### DATA SHOWN
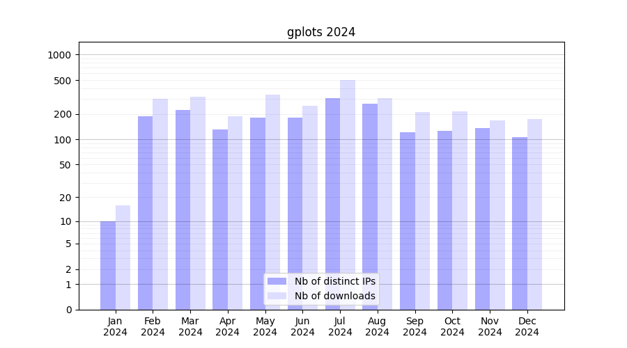 Month | Nb of distinct IPs | Nb of downloads |
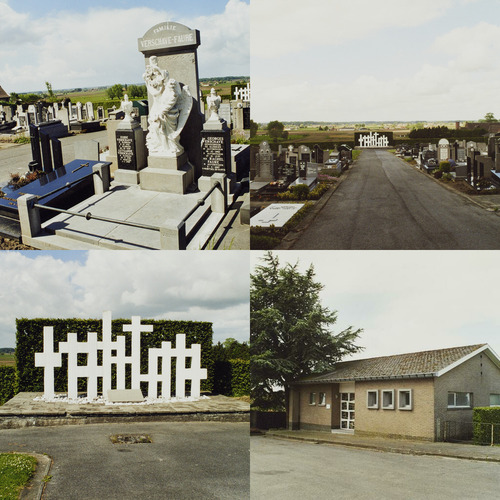 De grafstenen rond de kerk werden deels herplaatst op de nieuwe begraafplaats. Bewaarde grafstenen vanaf de jaren 1920, onder meer familiegraf van de familie Verschave-Faure (zie foto), met engelenfiguur opkijkend naar kruis met bloemenkrans, geflankeerd door postamenten met vazen.
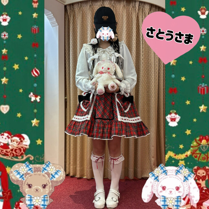 赤チェックスカートとうさくみゃ、くまくみゃみんなでクリスマスお祝いしました♡
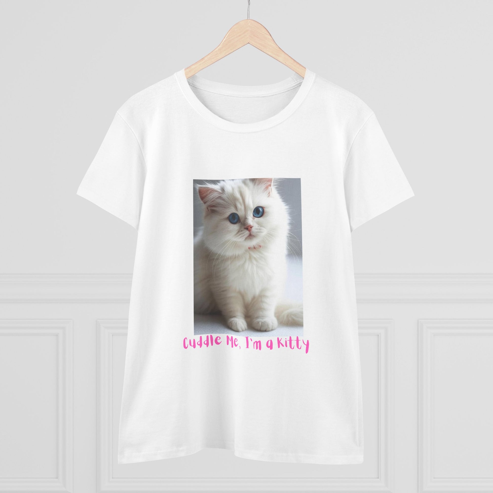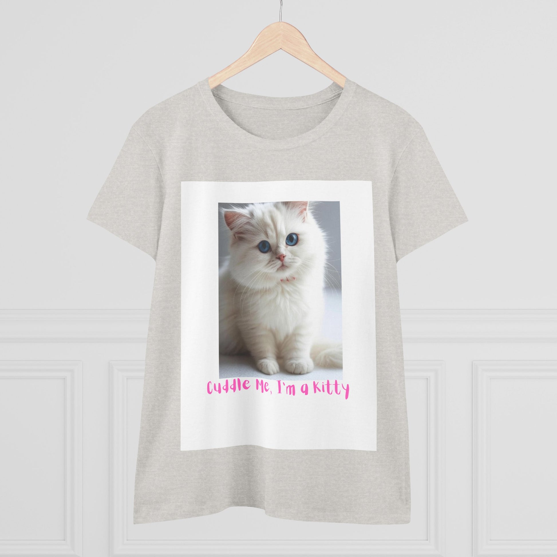Discover the perfect blend of comfort and style with our Women's Midweight Cotton Tee. Featuring a charming design of an adorable kitten, this tee radiates a warm and playful vibe, perfect for animal lovers. The semi-fitted cut and soft fabric make it an excellent choice for casual outings or lounging at home. Ideal for warm summer days or cozy fall layers, it's a lovely addition to any wardrobe and makes a great gift for birthdays or pet-themed celebrations. Whether you're celebrating a cat lover or treating yourself, this tee brings joy and comfort to any occasion.

### WHAT IS REQUIRED
Every line above should be duplicated exactly; the pictures are to be left out.

### ANSWER TO THIS PROBLEM
 Month | Nb of distinct IPs | Nb of downloads |
 De grafstenen rond de kerk werden deels herplaatst op de nieuwe begraafplaats. Bewaarde grafstenen vanaf de jaren 1920, onder meer familiegraf van de familie Verschave-Faure (zie foto), met engelenfiguur opkijkend naar kruis met bloemenkrans, geflankeerd door postamenten met vazen.
 赤チェックスカートとうさくみゃ、くまくみゃみんなでクリスマスお祝いしました♡
Discover the perfect blend of comfort and style with our Women's Midweight Cotton Tee. Featuring a charming design of an adorable kitten, this tee radiates a warm and playful vibe, perfect for animal lovers. The semi-fitted cut and soft fabric make it an excellent choice for casual outings or lounging at home. Ideal for warm summer days or cozy fall layers, it's a lovely addition to any wardrobe and makes a great gift for birthdays or pet-themed celebrations. Whether you're celebrating a cat lover or treating yourself, this tee brings joy and comfort to any occasion.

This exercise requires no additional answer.